Çünkü ne zamandan beri yüreğim
kanıyor
bırak melhem olanı,
kanadığını gören yok...
her gece duvarlara konuşmaktan yoruldum...
her gece suskunluğumun çığlık olmasından bıktım...
herkes işine geldiği gibi görüyor beni...

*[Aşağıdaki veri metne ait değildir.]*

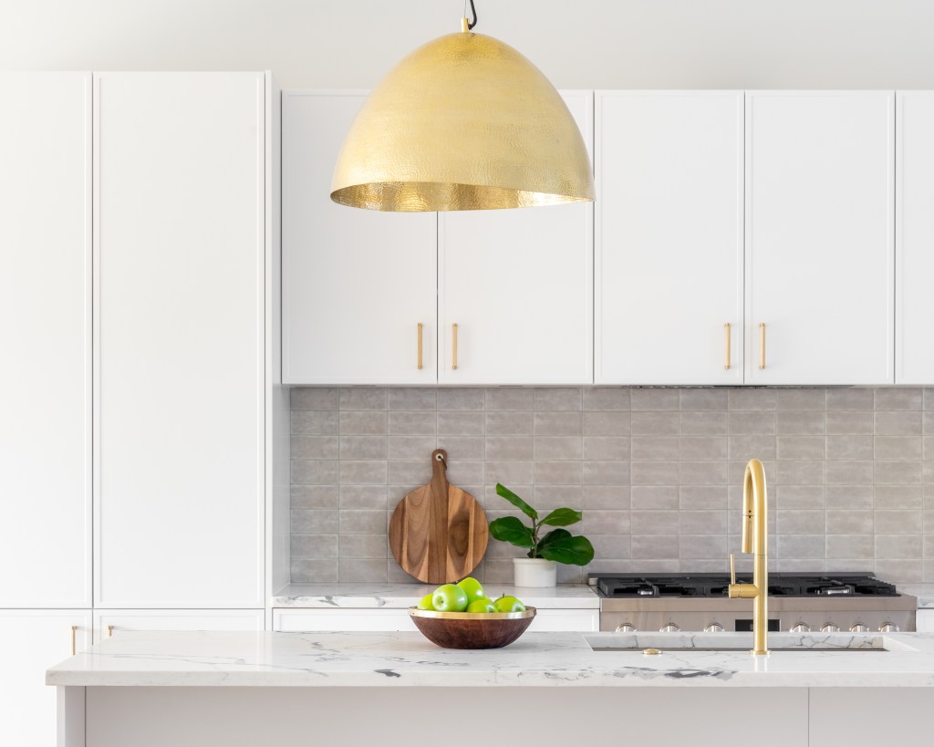 Avoid cluttering the ceiling with too many light fixtures. Choose a focal point for your pendant lights, like over a breakfast bar or dining table, to create a cohesive look.
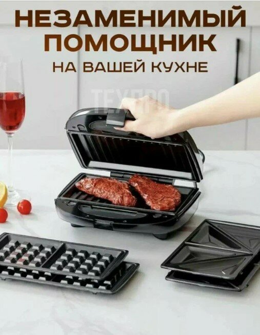 Мультипекарь для приготовления вафель, Вафельница, сендвичница электрическая, орешница, гриль,6 в 1, индикатор нагрева, 1500Вт, черный интересное:
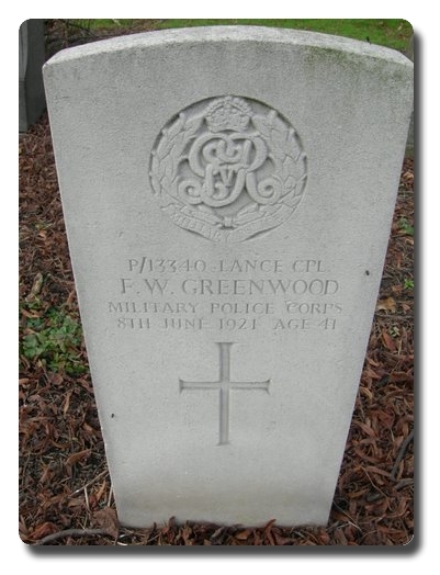 | Notes: | MFP. Awarded the Victory and War Medals. First served abroad (1) France, 9/12/1916 to 11/3/1917. Not listed in Soldiers Died. Formerly Pte. 1/4 Kings Own Yorkshire Light Infantry. No. 204011. No inscription on gravestone. Info from pension index cards:- 4/MG/1733. Greenwood, Frederick William, MFP, P/13340, L/Cpl, 6/5/19 to discharged, born 1880, married, 65 Belvoir Street, Hull. Card stamped Dormant no other details. Also:- W.1. DEAD 2/7/31, Greenwood, Frederick William, P/13340, MFP, L/Cpl, 8/6/21 DIED, Widow Esther Mary, 65 Belvoir Street, Hull born 11/4/79. 26/7/21 she received a grant of £8. Also:- Greenwood, Frederick W, DIED 8/6/21, MFP, P/13340, KOYLI, East Riding Yeo, Yorkshire Yeo, 6/5/19 to discharge, SFJ.2760, 4/MG/1733, Stamp: Ad 7/5/19 at 13/- from 7/5/19 to 3/2/20, Chelsea no. Z/Misc/MFP/1558, received 8/5/19. File Destroyed 23/10/28. Frederick William Greenwood. |
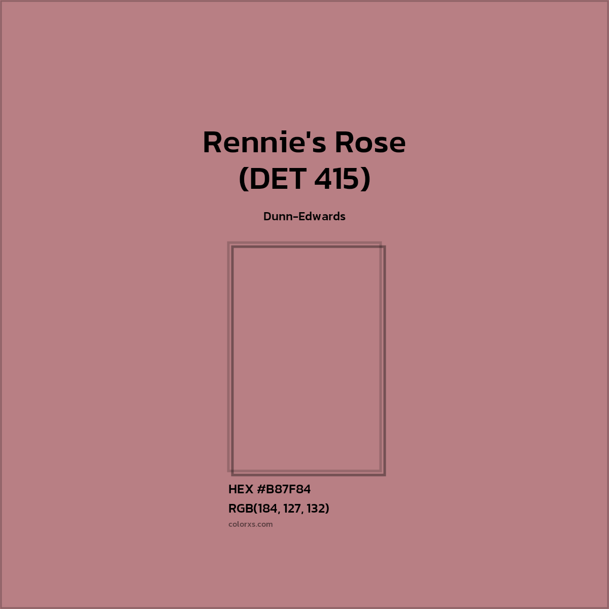 Rennie's Rose (DET 415) color belongs to the Pink color family (hue). The hexadecimal color code(color number) for Rennie's Rose (DET 415) is #B87F84, and the RGB color code is RGB(184, 127, 132).
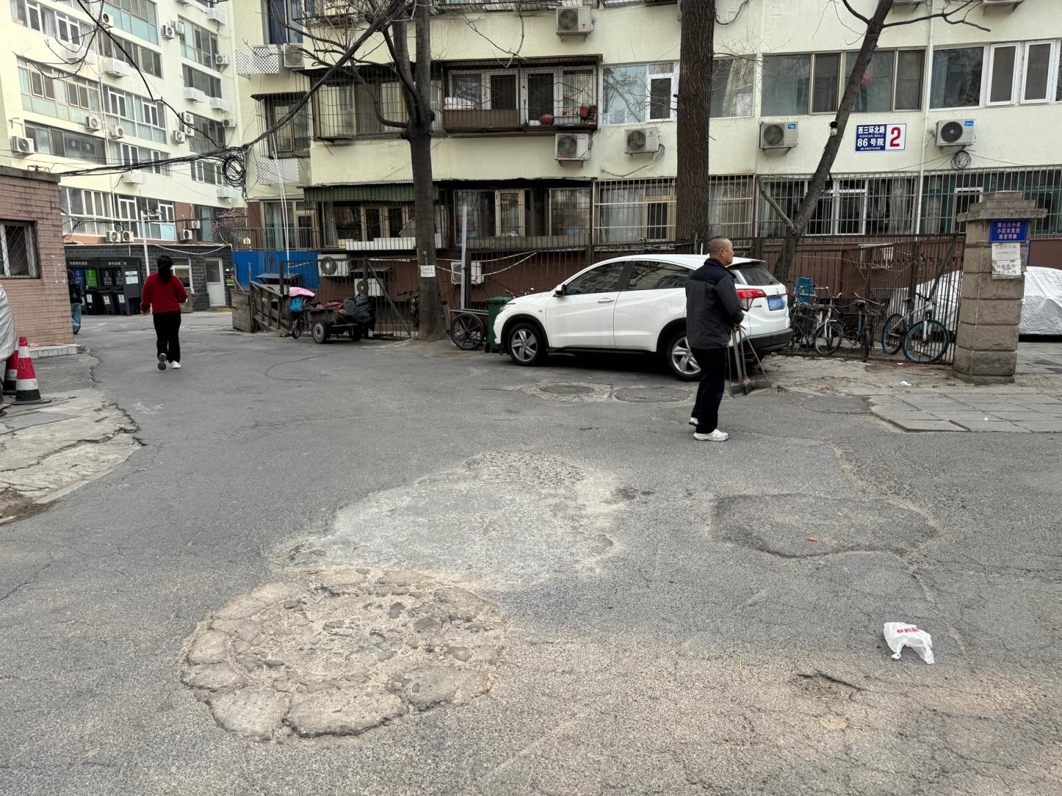 86号院共有500户居民,其中有不少老人和孩子。一位80多岁的老人说,由于到处高低不平,他几次绊倒摔跤,如今已不敢多出门。以前放任孩子在院里嬉笑奔跑的家长,如今也百般叮嘱孩子走慢点、当心脚下。居民张先生说,尤其到了晚上,施工导致小区里照明减少,很多地方漆黑一片,抱着孩子摸黑行走,深一脚浅一脚,每一步都走得踉踉跄跄。
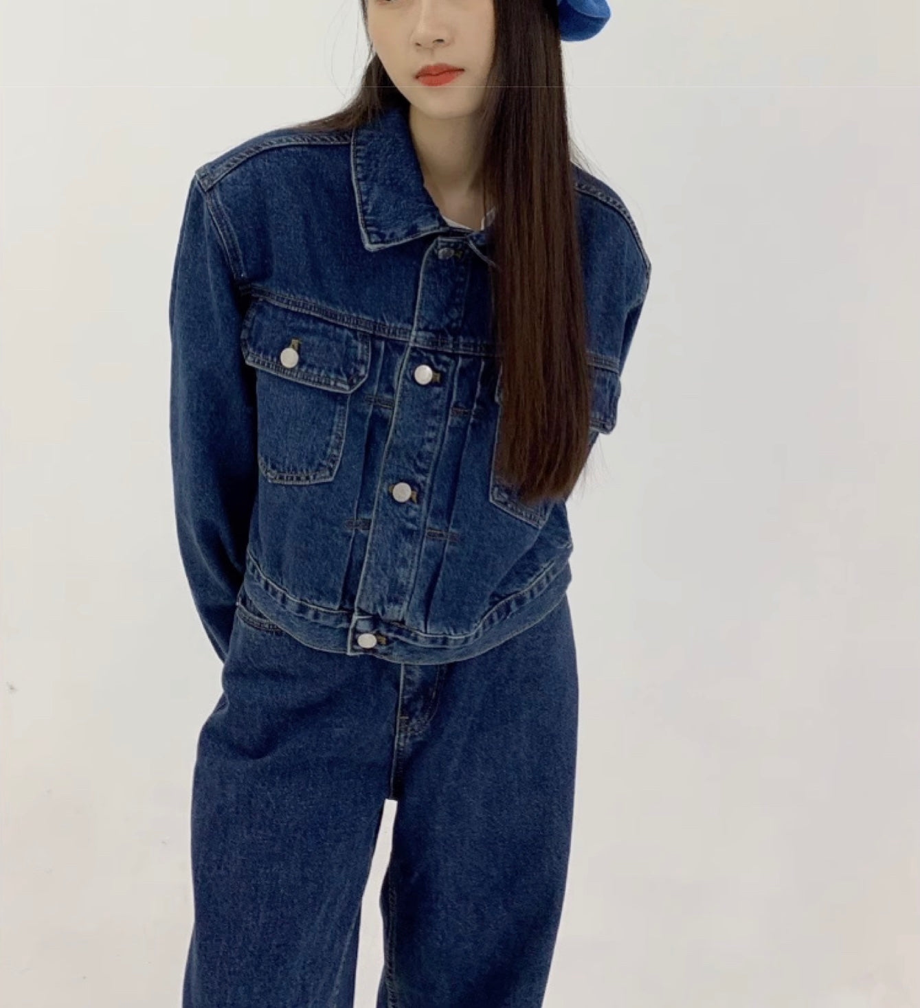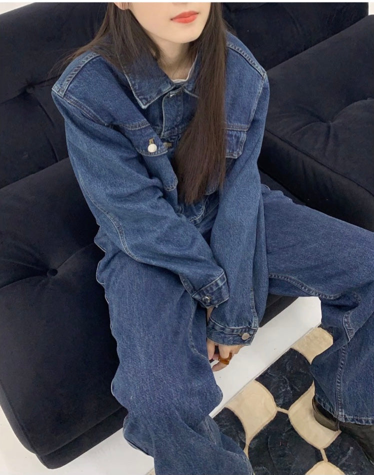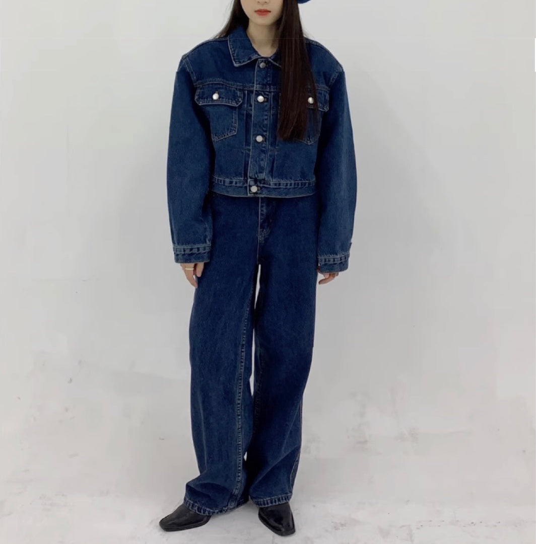 ワンウォッシュ加工 ネイビーブルー デニム上下セット
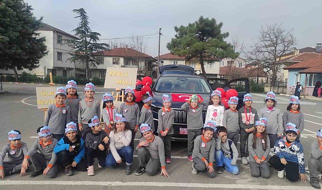 12-18 Aralık Yerli Malı Haftası çerçevesinde Sakarya'nın Geyve ilçesinde öğrenciler, Türkiye'nin gururu yerli otomobil TOGG'la buluştu.Geyve Kazımpaşa İlkokulu'nda düzenlenen Yerli Malı Haftası etkinliği yerli ürünlerin yanı sıra yerli ve milli araç TOGG ile kutlandı. Öğrenciler, yerli aracın okula gelmesiyle büyük bir heyecan yaşarken mutlulukları adeta gözlerinden okundu. Türk Bayrağı ve balonlarla süslenen TOGG ile buluşan öğrenciler, fotoğraf çektirmeyi de ihmal etmedi.
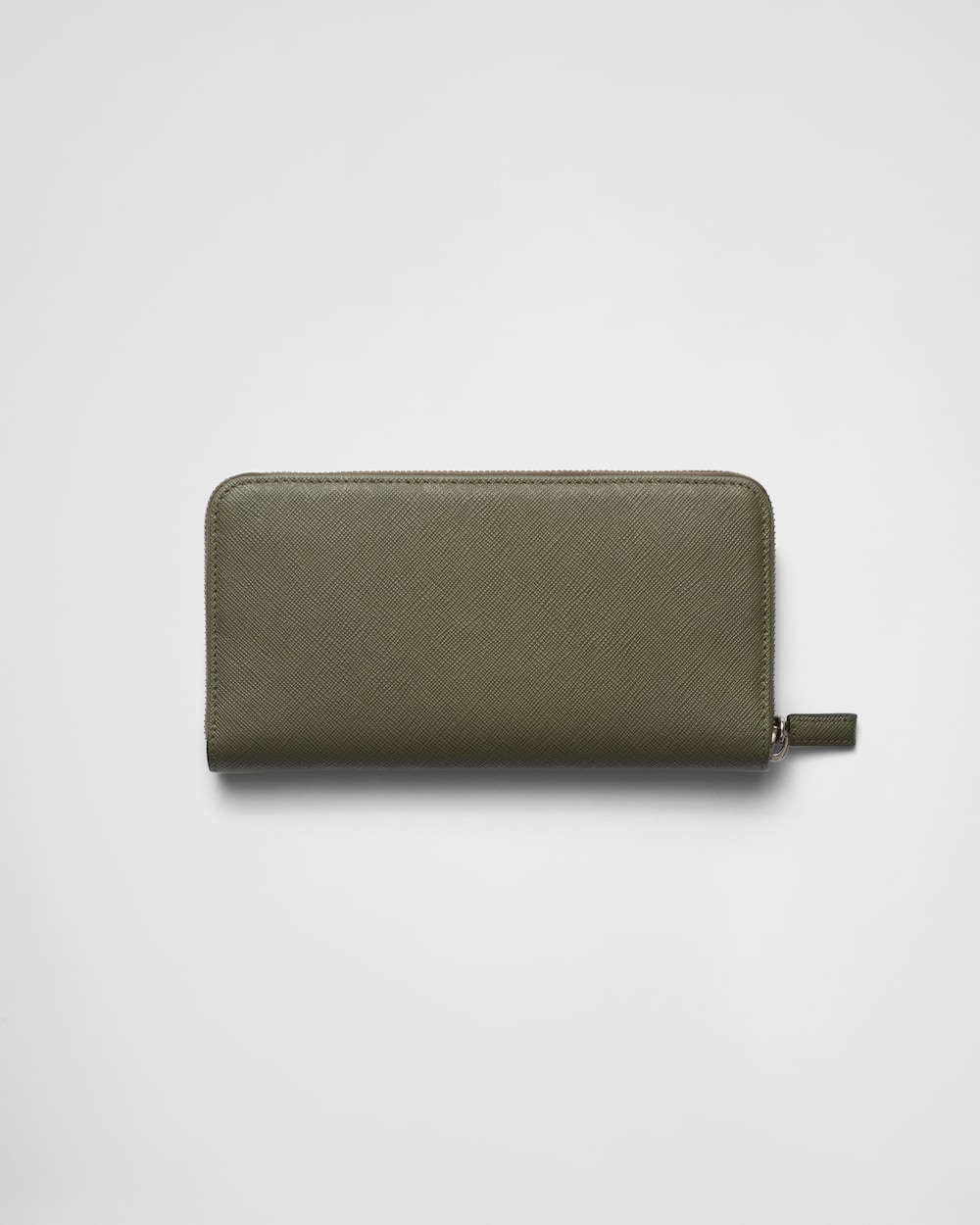 エナメルメタルのトライアングルロゴをあしらった、エレガントな「サフィアーノ」レザー(牛革)のファスナー付財布。内側に収納部分3個、ファスナー付ポケット1個、カードホルダー12個を備えています。
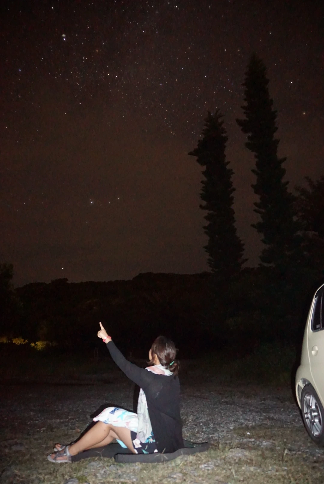 결국 뿡뿡이를 잠시 세워 밤하늘을 잠시 살펴본 후, 우리의 별보기 여행을 계속할지 말지 결정하기로 했다. 마침 도로 옆에 차를 댈만한 넓은 장소가 보였다.
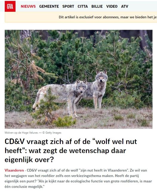 De Vlaamse partij CD&V – de V staat voor Verzuring – vraagt zich af of de wolf wel nut heeft en stelt plots “dat er geen plaats is voor de wolf in Vlaanderen”, net nu het aantal wolven in Vlaanderen een dieptepunt heeft bereikt. Afspraak in het stemhokje op verkiezingszondag 9 juni! Dan zal de…

insan olarak gören nerdeyse yok gibi...
robotum sanki...
yüreğim kanamaz,
kalbim kırılmaz,
ruhum incinmez sanki...
...
boşluklar....boşluklar...boşluklar...
işin en garip tarafı ise,
özgüveni yüksek olan bir insanım...
ama kendime güvenimi kaybediyorum...
elim bir boşlukta sallanıyor elimi tutan yok...
elimi tutmayı bırak,
gören gözler yok...
yanındayım diyenler nerde?
yok...
yüreğine bak diyor herkes...
tamam da,
yüreğim kanıyor...
yüreğimde hisedebildiğim kadar,
yanımda da hisetmek istiyorum...
bazen başımı yaslayıp omuzuna ağlamak istiyorum,
o yüreğindeyiz diyenlere...
yüreğimdeymiş...
bir defa da yanımda olsanıza...
bir defa da omuzunuzda ağlamama izin verseniz ya...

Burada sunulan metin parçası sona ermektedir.